12 April 2010

How I teach machine learning

I've had discussions about this with tons of people, and it seems like my approach is fairly odd. So I thought I'd blog about it because I've put a lot of thought into it over the past four offerings of the machine learning course here at Utah.

At a high level, if there is one thing I want them to remember after the semester is over it's the idea of generalization and how it relates to function complexity. That's it. Now, more operationally, I'd like them to learn SVMs (and kernels) and EM for generative models.

In my opinion, the whole tenor of the class is set by how it starts. Here's how I start.
  1. Decision trees. No entropy. No mutual information. Just decision trees based on classification accuracy. Why? Because the point isn't to teach them decision trees. The point is to get as quickly as possible to the point where we can talk about things like generalization and function complexity. Why decision trees? Because EVERYONE gets them. They're so intuitive. And analogies to 20 questions abound. We also talk about the who notion of data being drawn from a distribution and what it means to predict well in the future.
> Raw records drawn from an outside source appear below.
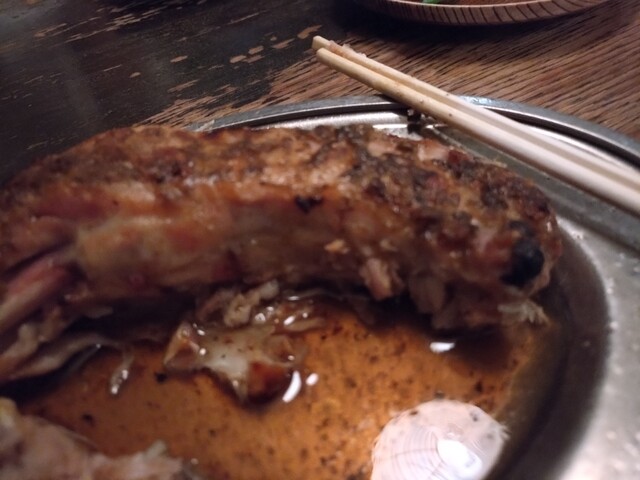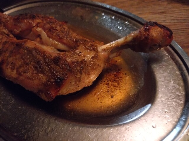 アツアツを食べたいので、1本目を食べ始めて残り30%の時に、2本目のひなどりを注文、5分後にテーブルに到着。今回は、やわらくジューシーな、ひなどりを美味しく頂きました。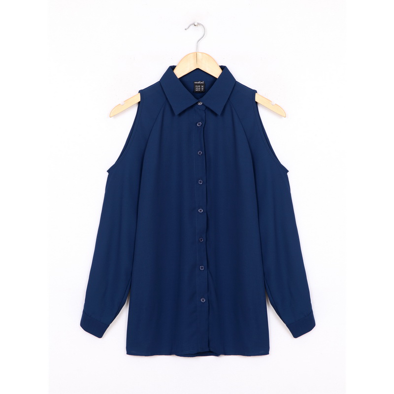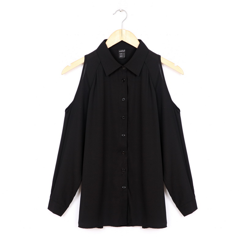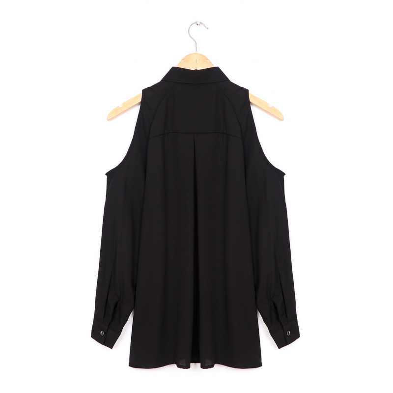 Sexy long sleeve cold shoulder chiffon blouse with turn down collar available in 4 colors.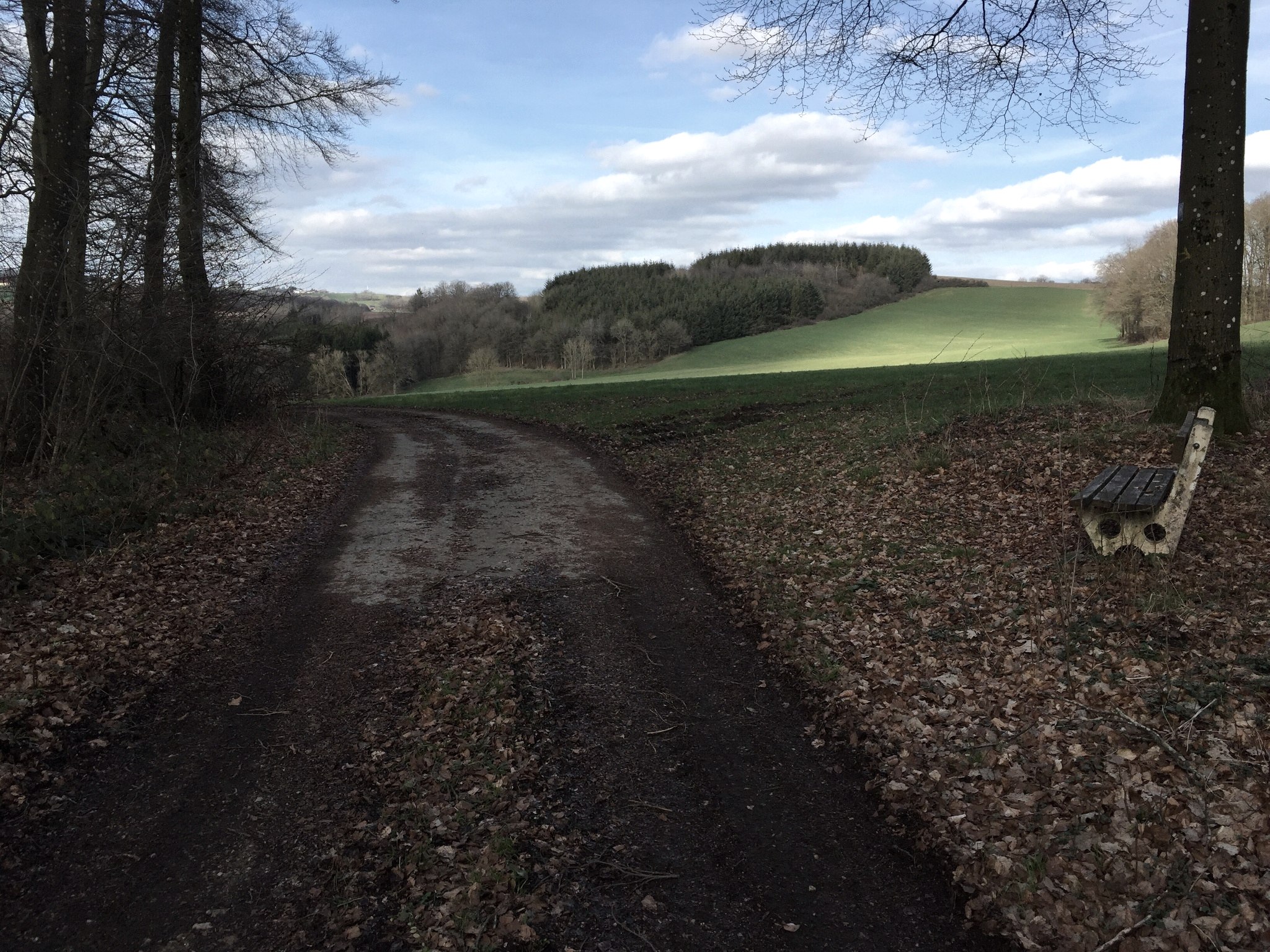 The R1 circular hiking trail offers sweeping views of the Southern Eifel landscape with the villages of Emmelbaum, Olmscheid, Jucken, Karlshausen, Leimbach, Scheuern and Plascheid.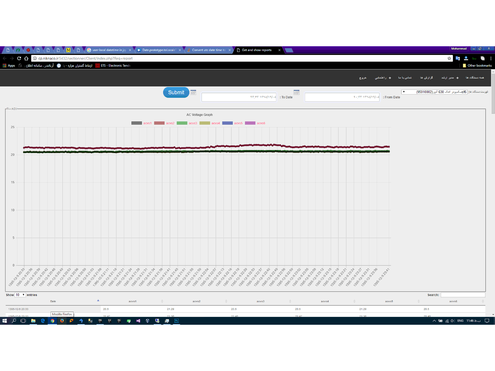 10. نرم افزار مدیریتی برای نمایش داده های عددی وگرافیکی وذخیره درDATABASE با قابلیت فیلتر و جستجو بر اساس تاریخ شمسی برای همه دستگاهها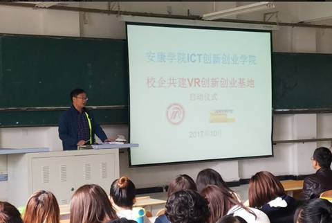 10月31日下午,电信学院举行“校企共建VR创新基地启动仪式”, 2015级学生参加了启动仪式。仪式由副院长陈守满主持。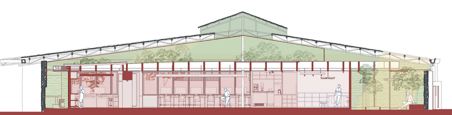 Trees have been introduced into the building, providing support for their growth by expanding the skylight area and fully opening the roof at critical locations. The project is surrounded by green plants, resembling an oasis hidden in an old garage, forming a transitional space that can be used for parking, sports, events, dining, and other purposes.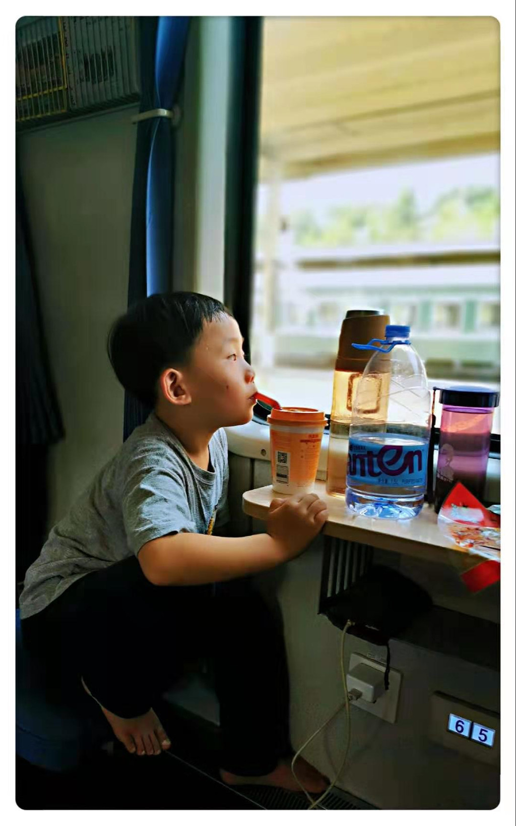 然后,这个机会就来啦!2019年十月,喜逢祖国70华诞,带着老妈、孩儿爸和我最亲爱的小娃子,我们就朝着“雾都”出发啦!已经是名副其实的“小旅友”的关小天儿,早已习惯了旅途上欣赏风景的悠哉,看看这幅悠然自得、放眼看世界的小样子!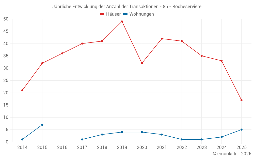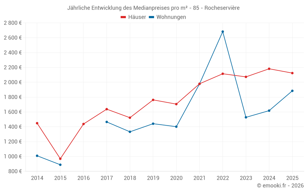 Der Durchschnittspreis auf den 37 Hausgeschäften der letzten 12 Monate in der Gemeinde Rocheservière betrug 2 182 € pro Quadratmeter für einen mittleren Immobilienwert von 199 000 €. Über diesen Zeitraum hinweg lagen 60% der Transaktionen zwischen 1 695 und 2 678 € pro Quadratmeter (vom 2. bis zum 8. Dezil).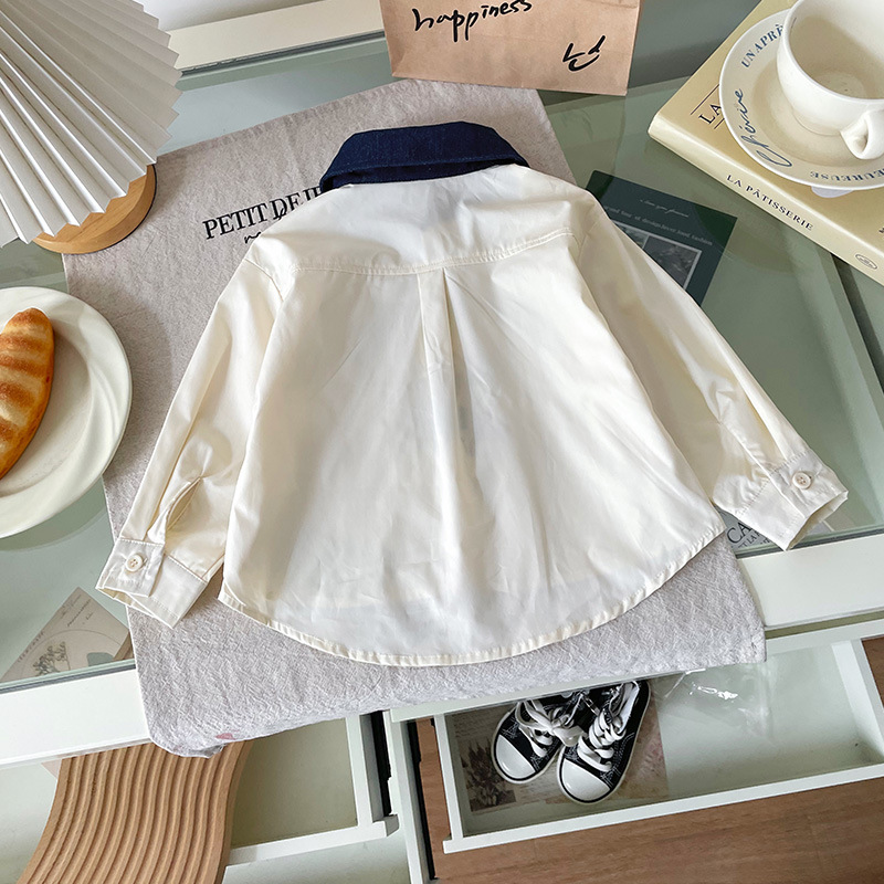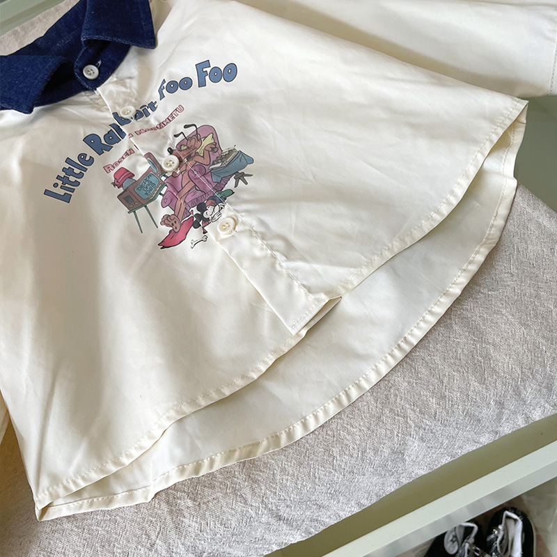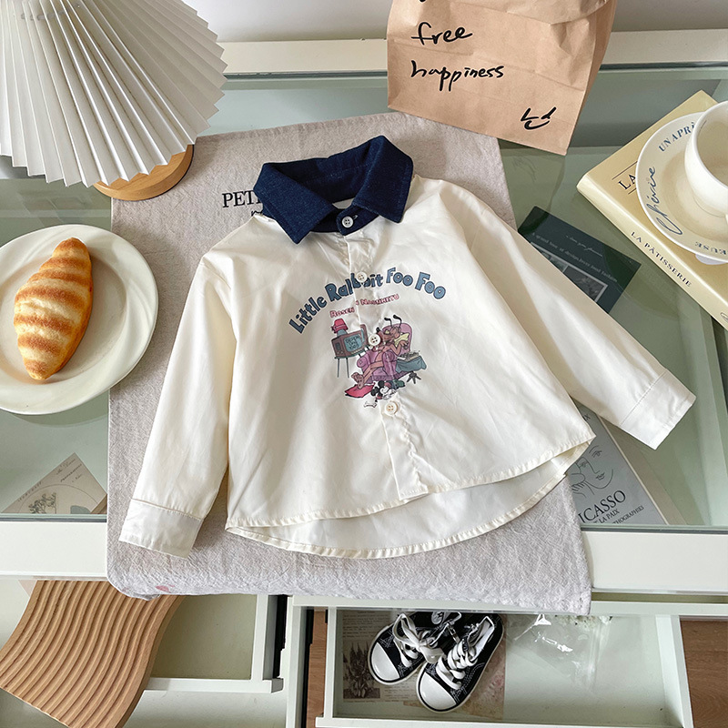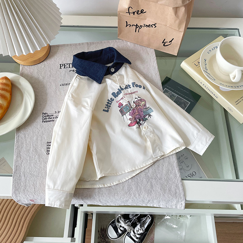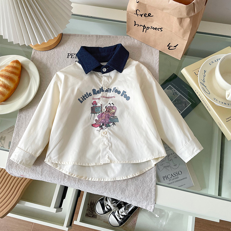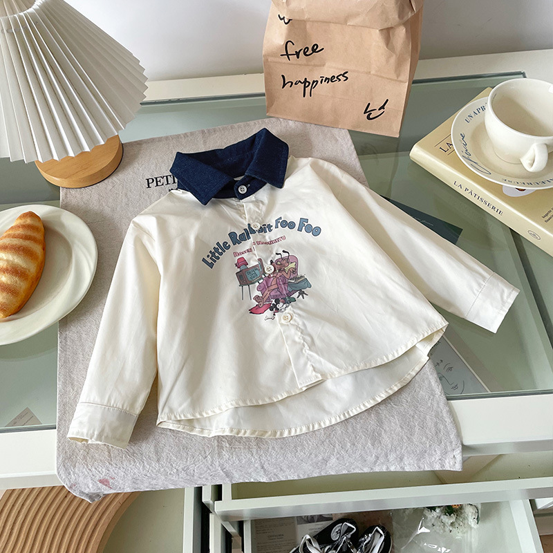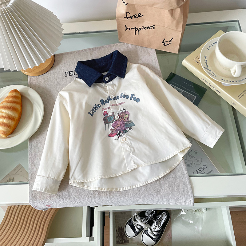 [재고] CY257682 어린이 2025 년 봄과 가을 대학 스타일 칼라 느슨한 만화 긴 소매 탑

  2. Nearest neighbor classifiers. No radial basis functions, no locally weighted methods, etc. Why? Because I want to introduce the idea of thinking of data as points in high dimensional space. This is a big step for a lot of people, and one that takes some getting used to. We then do k-nearest neighbor and relate it to generalization, overfitting, etc. The punch line of this section is the idea of a decision boundary and the complexity of decision boundaries.

  3. Linear algebra and calculus review. At this point, they're ready to see why these things matter. We've already hinted at learning as some sort of optimization (via decision trees) and data in high dimensions, hence calculus and linear algebra. Note: no real probability here.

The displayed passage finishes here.